Exercise description: Among the lines below, output only those between the line holding "Pengamat tata kelola" and the line holding "山門は大名家であった島津家江", inclusive, exactly as written and with no pictures.

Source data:
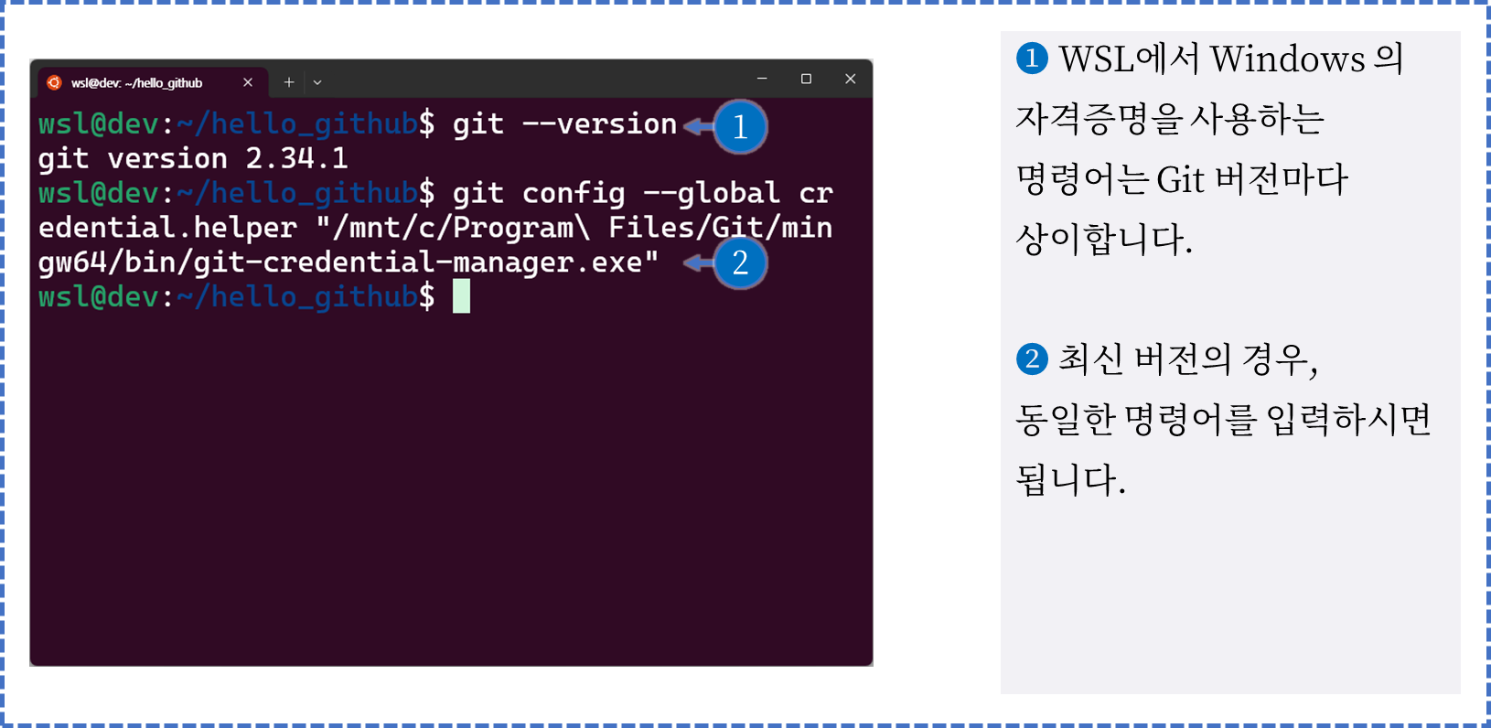 WSL 과 Windows 자격 증명 연동하기 (설치된 GIT 버전 >= v2.39.0인 경우)
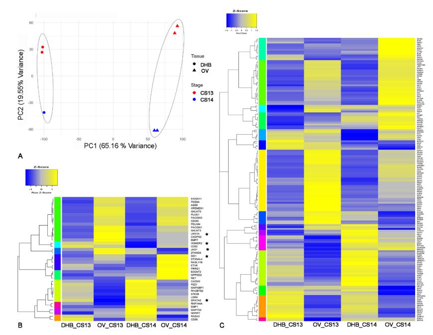 Fig. S5. RNAseq data analysis from human otic vesicles and dorsal hindbrain. A. PCA analysis of otic
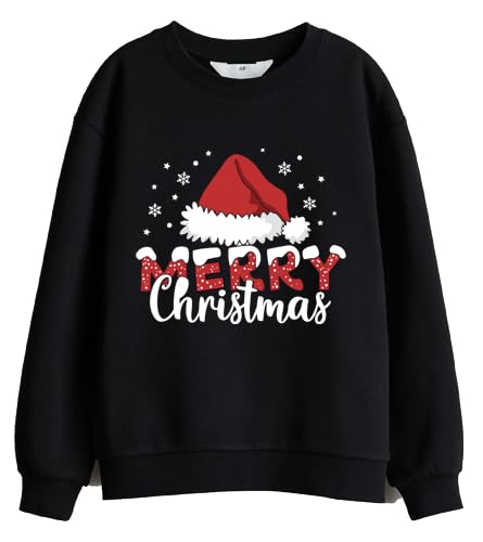 Generic - سويت شيرت بعبارة Merry Christmas، بلوفر من مزيج القطن الاسود مع تصميم قبعة سانتا، مقاس (M)
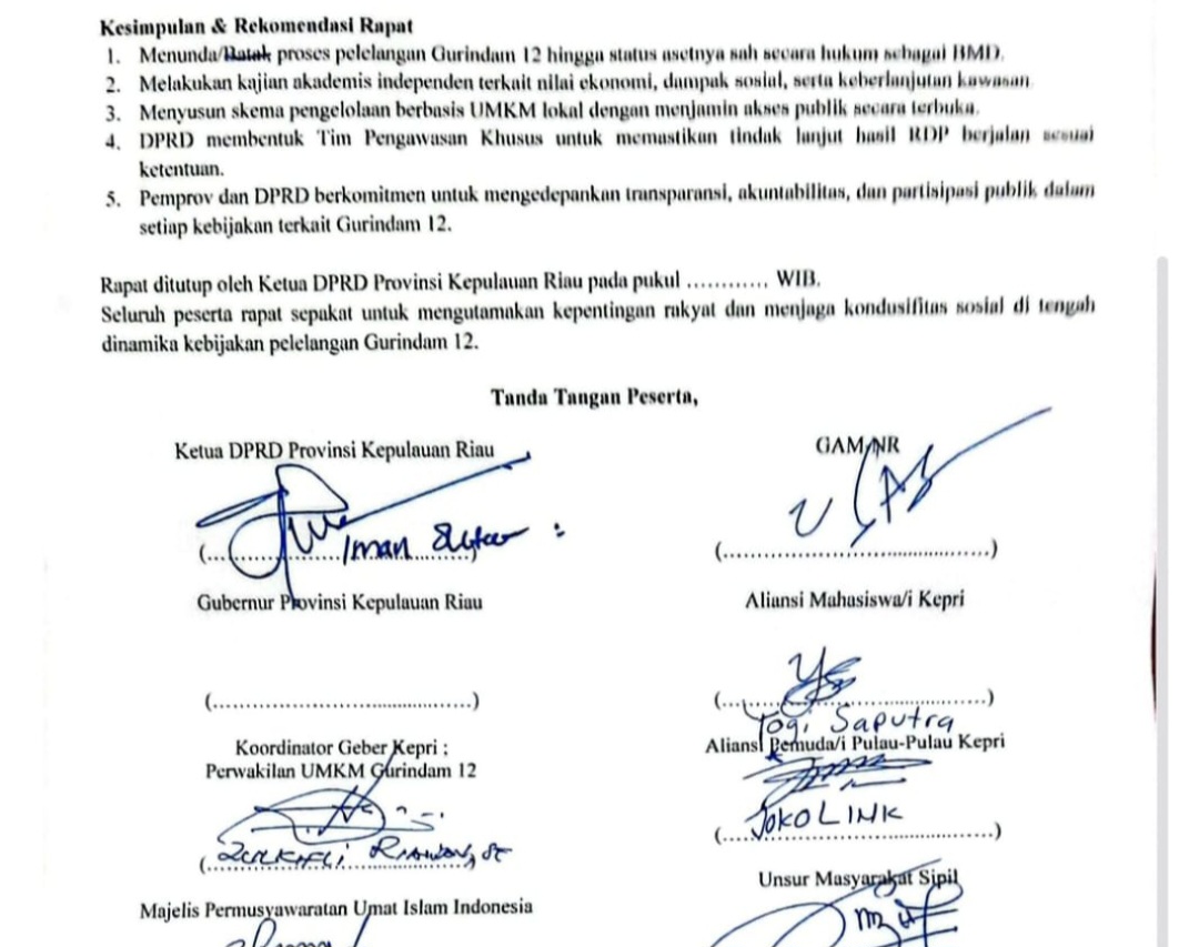 Pengamat tata kelola daerah, menilai polemik Gurindam 12 mencerminkan lemahnya komitmen pemerintah daerah dalam mengelola aset publik secara transparan. Menurutnya, DPRD dan Gubernur seharusnya berdiri di garis depan memperjuangkan kepentingan masyarakat, bukan membiarkan tarik-menarik kepentingan politik dan ekonomi mengaburkan keputusan.
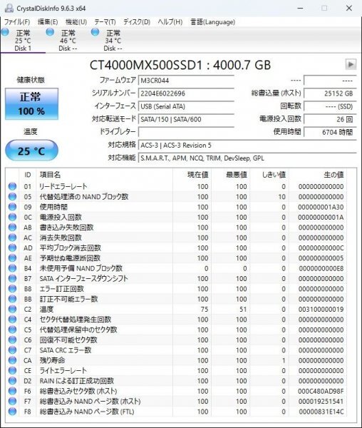 Product name: Crucial CT4000MX500SSD1 4TB 2.5inch SSD 動作確認済
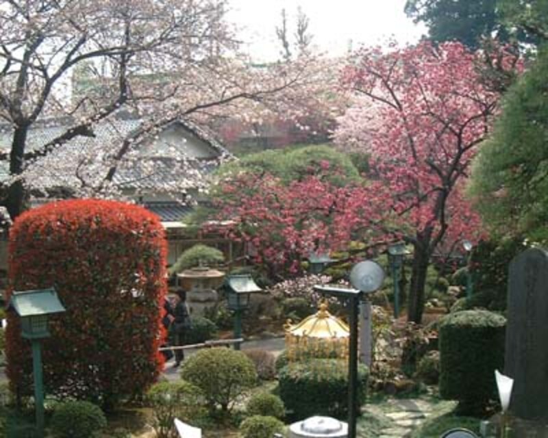 山門は大名家であった島津家江戸屋敷の門を移したもので、堂々たる風格を偲ばせます。また、庭園の美しさはすばらしく、桜も安行桜だけでなく、ソメイヨシノや、枝垂れ桜の巨木もあり、それぞれ開花が少しずつずれるいるため、3月下旬から4月半ば近くまで桜の饗宴を楽しむことができます。
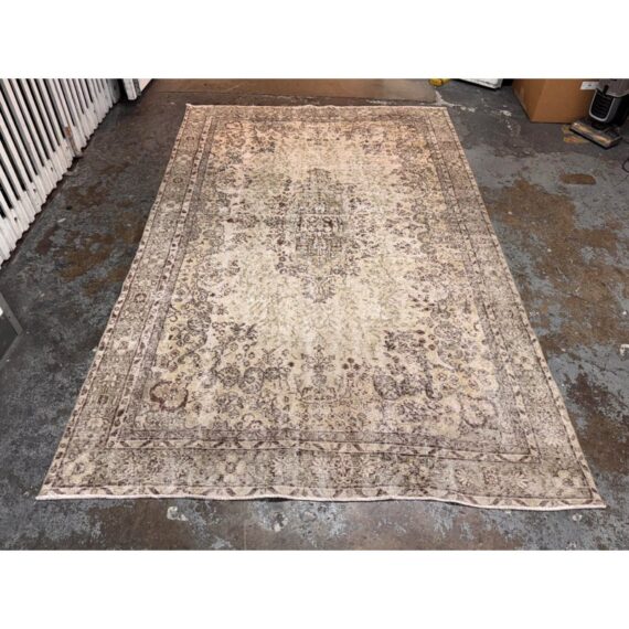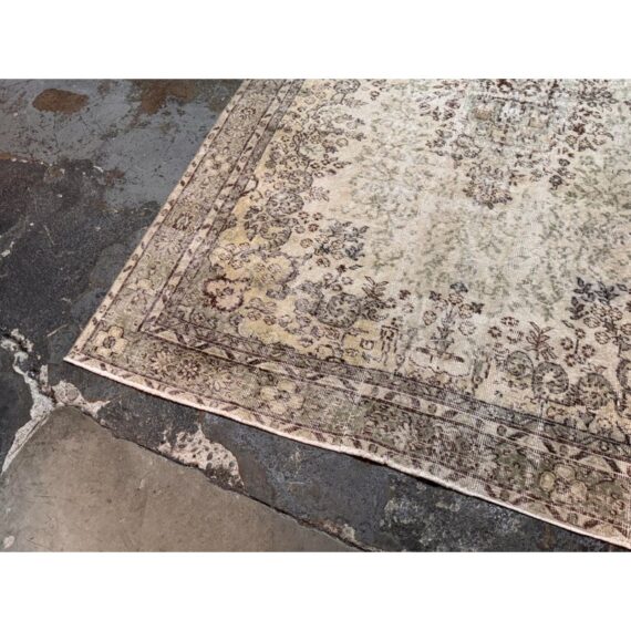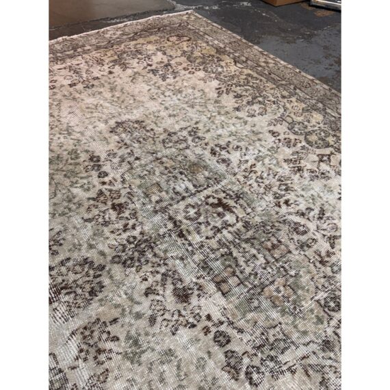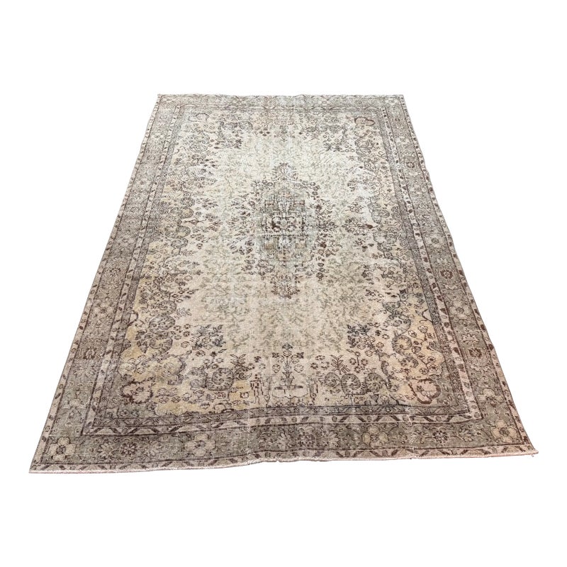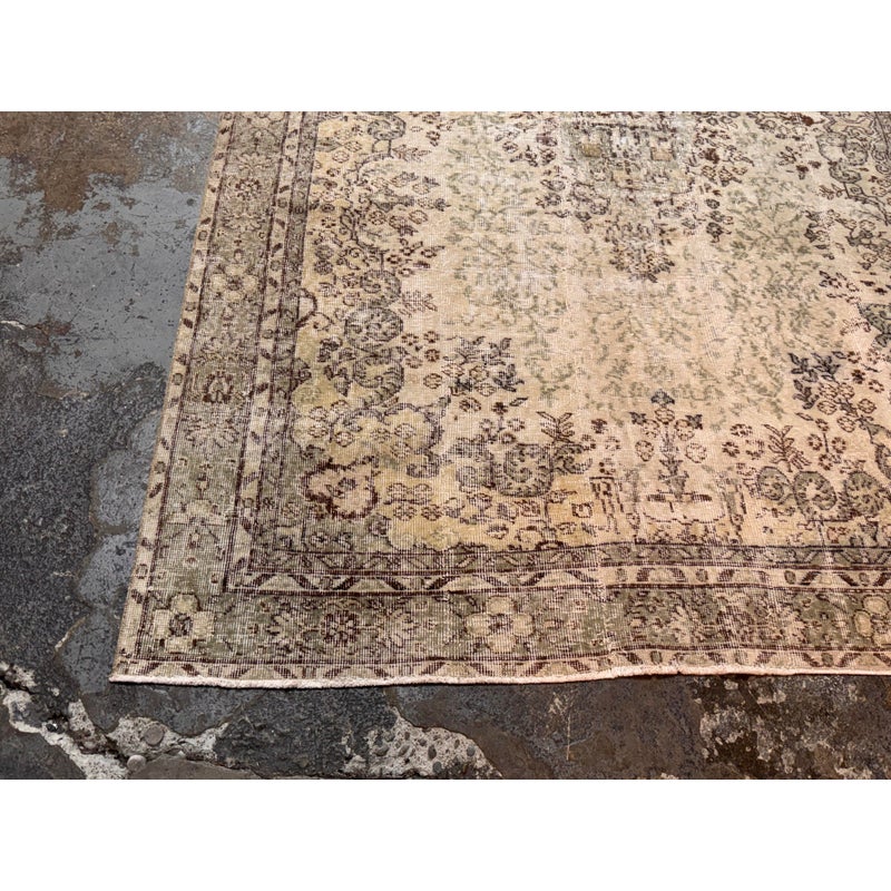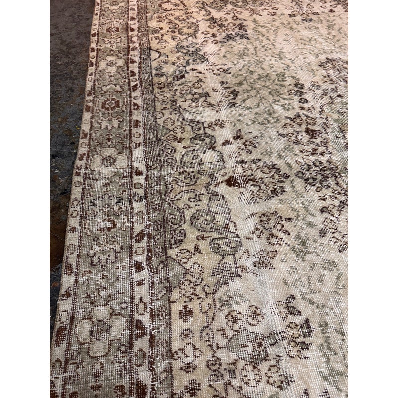 Design Plus Gallery presents a 5ft 12in x 9ft 4in Vintage Meinhard Area Rug. This floor covering showcases a softly aged pattern with a central medallion and detailed border, offering a layered, timeworn look that works seamlessly in both traditional and modern interiors. The palette blends cream, moss, and beige tones, creating depth and visual interest without overpowering a space. Subtle variations in color and pile reflect its vintage character and add authenticity throughout the surface. In good condition, visible and minimal wear from usage.
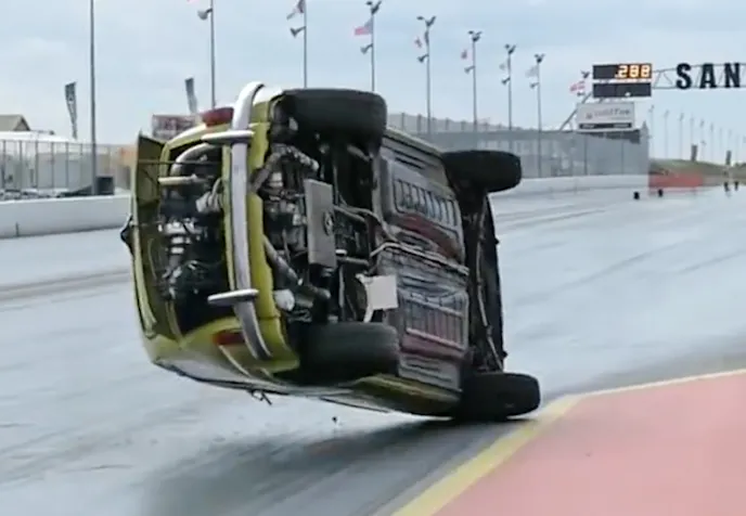 But Nicholls’ weekend came to a crashing halt — literally — on this run, when the car got far too much bite than he anticipated, as the little Fiat, at just 78 inches of wheelbase, instantly climbed skyward at the drop of the clutch. Before Nicholls could even react, the car was already up on one wheel, then none, and was pirouetting in mid-air….crashing down hard on the drivers side and tapping the guardrail with its underbelly
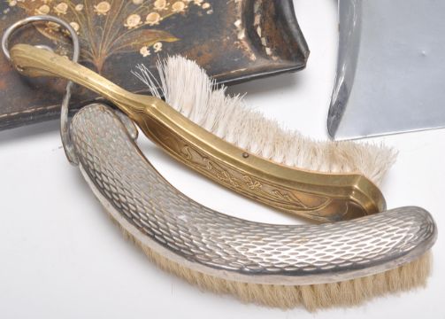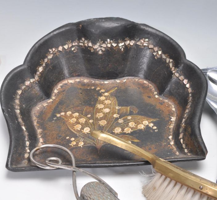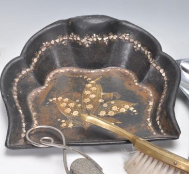 A good mixed collection of crumb trays and brushes dating from the 19th Century to include a chrome Art Nouveau tray and a brass example with matching bruch, ebonised paper mache with mother of pearl decoration tray, J. S & S copper tray etc. Measures 35 cm long.
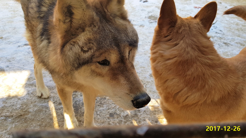 * 늑대사육 만 14년만에 숫컷늑대와 개 사이 교배 3번째성공 [늑대가 고령(14세)으로 임신될런지 ?]
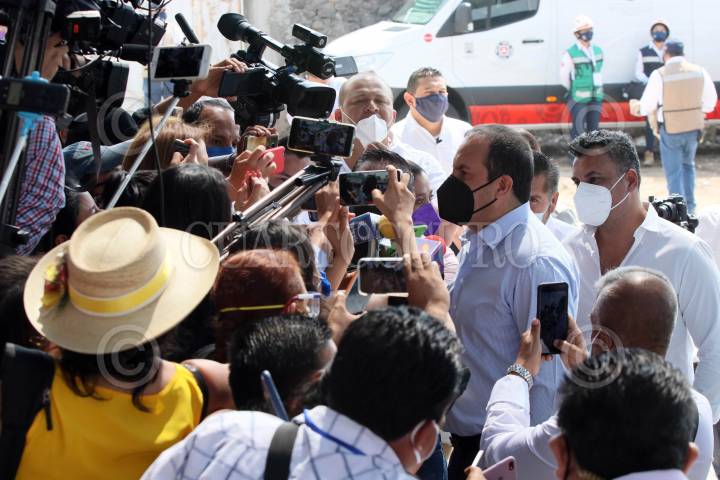 Cuauhtémoc Blanco Bravo, gobernador de Morelos, atiende a los reporteros y camarógrafos, los cuales se amontonan para obtener una declaración sin respetar la sana distancia para evitar contagios de Covid-19.
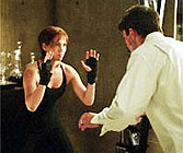 Here is a film worth defending. Judging from the uneasy response of the crowd at the session I attended, pitched somewhere between titillation, derision and amazement, it clearly hits a raw nerve. Its strange mixture of glossy Hollywood unreality and social provocation marks it is a pop culture event of significance. Enough takes us back about a decade to the tropes and trials of the intimacy thriller, action-based films in which the most sinister menace is not external but found far too close too home. The family doctor, cop, lawyer or psychoanalyst; the babysitter, secretary or best friend; and ultimately the main character's parents, children or spouse take the evil roles in these movies. Slim (Jennifer Lopez) falls for a charming guy, Mitch (Billy Campbell), and builds the perfect home and family. Of course, it is all an illusion. Mitch turns out to be a philanderer and an abuser. Worse still, he is psychotically possessive of his wife and small daughter, Grace (Tessa Allen), and vows to track them down wherever they flee. Gifted writer Nicholas Kazan is well suited to this terrain, having scripted Reversal of Fortune (1990) and directed his own marriage-gone-wrong thriller, Dream Lover (1994). He uses chapter titles in early scenes to distance us from the seeming trashiness of this material, all the while bringing out its greater resonances. Slim is caught in a symbolic bind worthy of the Gothic heroines of old. As her friend Ginny (Juliette Lewis) tells her, the modern girl wants a "real man" full of testosterone, but baulks when this man shows his true, patriarchal colours. What's the alternative? Slim's ex-beau (Dan Futterman) is cute, helpful and sensitive. But does he turn her on? This is only the first of many intriguing and often wildly politically incorrect questions that the film raises. The core of the story is Slim's transformation from a passive weakling into a sleek, trained fighter. By the time we reach the key line of dialogue, "You have a divine, animal right to protect your own life and the life of your offspring", the film is ready to plunge headlong into that disquietingly lawless realm beloved of the best intimacy thrillers. Enough marks the finest hour of director Michael Apted, who has dabbled in virtually every fictional genre as well as documentary. Abandoning his trademark realism, he embraces the zany leaps and excesses of this project with a real élan. The tense scenes of hiding and pursuit across several states of America are executed with enormous flair, and the finale is riveting. Lopez, despite the standard Hollywood silliness of having everyone on screen call her "plain looking", exudes divine, animal righteousness. Kazan and Apted give her many wonderful moments, from a discussion of Finnegan's Wake in a diner to mystical sessions with an imposing martial arts trainer. But none of these details are as great as the tiny, throwaway moment in the coda when a word from a stranger suddenly makes Slim believe that her life could amount to more than life-long imprisonment in a man-made hell. MORE Apted: Coal Miner's Daughter, Continental Divide, Critical Condition, Extreme Measures, Incident at Oglala, Nell, 35 Up, The Up Series © Adrian Martin October 2002 |
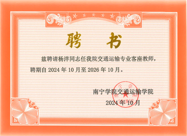 2024年10月,振業(yè)優(yōu)控椒醬團黃德楓、孫艷磊、楊洋、蒲明朋四位實戰(zhàn)專家正式受聘為南寧學(xué)院交通運輸學(xué)院專業(yè)客座教師。
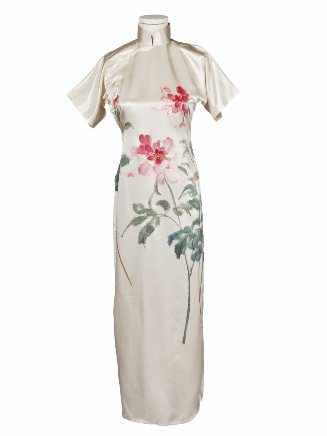 1949年春,张大千应殷商蔡克庭之邀从香港前往澳门作客。蔡家是濠江望族,宅邸位于澳门邮政总局后的大堂街,当时许多居住在澳门的艺术家常为其座上客。张大千将两只长臂白猿养在花园中,常在画室挥毫作画,闲时亦亲自下厨川菜设宴,十分惬意。每日清晨,他与儿子葆罗牵猿到大三巴等地散步,一时传为佳话。旅居蔡家三个月期间,画家多次题赠作品予蔡氏家族,以答谢主人盛情款待。此件罕见的芍药白缎旗袍,即是为蔡家女眷精心绘制、为数不多的礼物之一。张大千先在白缎上作画,再请裁缝师傅量身制成。手绘旗袍由蔡氏家族后人宝藏至今,从未公开展示,实属难得可贵。
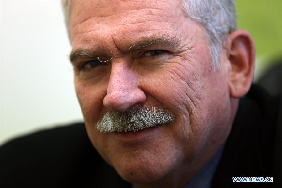 Harry Papasotiriou, a professor of international relations at Panteion University in Athens and director of the Institute of International Relations, poses for photos in Athens, Greece, Jan. 7, 2019. Harry Papasotiriou praised the efforts by the Chinese leadership to refocus the model of growth over the past five years. "It is good that China seeks a model which is less heavily dependent on exports and more on domestic demand," he said in a recent interview with Xinhua in Athens. (Xinhua/Marios Lolos)

Answer space:
 Pengamat tata kelola daerah, menilai polemik Gurindam 12 mencerminkan lemahnya komitmen pemerintah daerah dalam mengelola aset publik secara transparan. Menurutnya, DPRD dan Gubernur seharusnya berdiri di garis depan memperjuangkan kepentingan masyarakat, bukan membiarkan tarik-menarik kepentingan politik dan ekonomi mengaburkan keputusan.
 Product name: Crucial CT4000MX500SSD1 4TB 2.5inch SSD 動作確認済
 山門は大名家であった島津家江戸屋敷の門を移したもので、堂々たる風格を偲ばせます。また、庭園の美しさはすばらしく、桜も安行桜だけでなく、ソメイヨシノや、枝垂れ桜の巨木もあり、それぞれ開花が少しずつずれるいるため、3月下旬から4月半ば近くまで桜の饗宴を楽しむことができます。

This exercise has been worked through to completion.